I'm okay with not forcing them. As for the rest of what you just said though, it also means that things like donations are at risk because i think that people can easily get scared for this sort of stuff to the point where they would not donate because of the risk. In that sense i believe that security measures do have to be implemented fast enough so that this kind of insecurities dont happen. Also let me quote @John on this, even though the system is already implemented (posted on this thread): That quote alone does make me question wether or not the PIN system was implemented only to calm people down and not as a real security measure.
The PIN system is just not that good of a security measure. As for your point about people being scared to donate: I disagree entirely.
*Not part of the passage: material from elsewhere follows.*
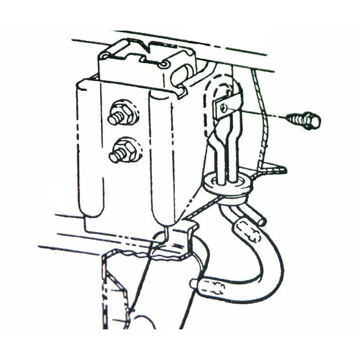 This trunk vent tube fits 1969 Pontiac GTO, LeMans, and Tempest models. Located near the trunk latch, it connects to the gas tank filler neck via a short rubber hose and vents fuel vapors safely.
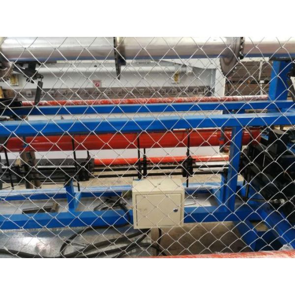 The crimped mesh making machine for manufacturing chain link fences of different sizes. The wire is taken in from the payoff stand and passed through the dies where the SIZE takes place. Different gap sizes. After passing from the die the pattern wire is automatically thrown on the winding shaft in the stitching process. Once the stitching is complete the woven is manually glided down to enable the next stitch to take place. The chain link is automatically wound to form rolls when the desired length is manufactured.

If people care so much about their donation they can just make a password that would be very very hard to crack. The risk of being hacked when you have a strong password that you don't use for other servers/accounts is almost zero. I personally feel like this argument was only added to your case in an attempt to make the staff reconsider their stance though, of course, I could be wrong in that. It basically comes down to this: People who care enough about their account will make sure their password is safe and as strong as possible. People who don't care that much won't bother. It's up to the players to decide which category they fit into.
Ayy that last sentence stroke my heart so bad. Glad you did edit it though. I do care about donations, but only because they are what makes the server be able to work. And you are right about the rest. After all everyone needs to be responsible for their actions, even when it comes down to setting a password.